Approaching him in the context of the late medieval mystical tradition, the conference will examine his life and teaching both historically and in its legacy for today, as it arises in a variety of discourses. In particular, it will examine three key aspects of John’s work: desire, transformation and Carmel.
Leading academics in the field will discuss the importance of John from historical, theological, philosophical, pastoral, ecumenical, psychological and aesthetic perspectives.

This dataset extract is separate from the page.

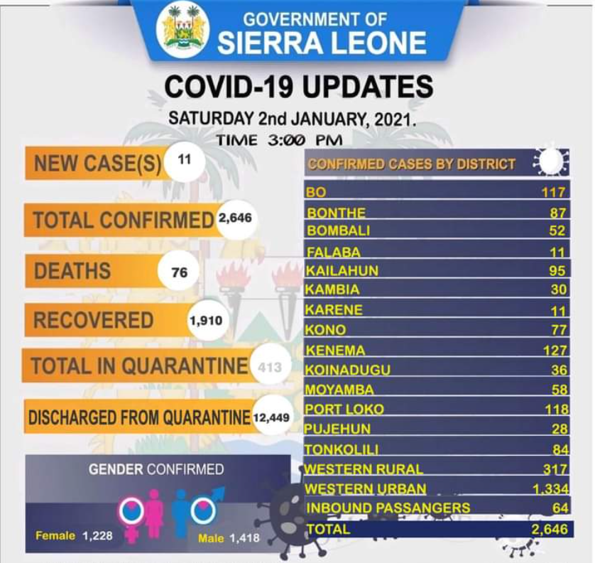 Coronavirus - Sierra Leone: COVID-19 update (2 January 2021)

There will also be an opportunity for wider involvement from participants in short papers around the wider themes of desire, transformation and Carmel.
Book your place now
- Kevin Alban
- Edward Howells
- Bernard McGinn
- Mark Murphy
- Louise Nelstrop
- Terence O’Reilly
- Simon Podmore
- Colin Thompson
- Peter Tyler
- Early-bird (book by 1st December 2019): £290
- Non-residential: £230
- Residential (en-suite): £340
- Day rate: £80 per day
Please note: bursaries may be available in 2020.
The lovers’ gaze in the Spiritual Canticle of St John of the Cross
Imagery of seeing and looking constitutes one of the most significant yet least studied symbols of the Spiritual Canticle of St John of the Cross. My aim is to examine its development across the poem, where it appears a number of times in association with both lovers and in varying forms. The evolution of their mutual ‘mirada’, ‘look’ or ‘glance’, enables us to follow the trajectory of the soul from searching to finding and absence to presence, and marks the poem’s language as the artistic expression of the road to union analyzed more systematically in the prose commentary the poet wrote later in an attempt to explain something of its sense.
About the speaker
Colin Thompson is an Emeritus Fellow of St Catherine’s College, Oxford. He read French and Spanish, then Theology at Oxford and wrote his doctoral thesis on the mystical poetry of the Spanish Carmelite St John of the Cross. Meanwhile, he was ordained to the ministry of Word and Sacrament in the Congregational Church of England and Wales in 1971 (since 1972 the United Reformed Church). He held a post-doctoral post at Christ Church, Oxford from 1974-8, before being appointed University Chaplain at the University of Sussex (1978-89). In 1989 he returned to Oxford to take up the Tutorial Fellowship in Spanish at St Catherine’s College, until retirement in 2011. He has been Associate Minister at Wheatley United Reformed Church, just outside Oxford, since 2000. His principal research interests lie in the culture of the Spanish Golden Age. He has published three books, each of which has been translated into Spanish: The Poet and the Mystic: A Study of the Cántico espiritual of San Juan de la Cruz; The Strife of Tongues: Fray Luis de León and the Golden Age of Spain; and St John of the Cross: Songs in the Night. He has also written articles on a range of other Golden Age writers, notably the poets Garcilaso de la Vega, Luis de Góngora and Francisco de Quevedo.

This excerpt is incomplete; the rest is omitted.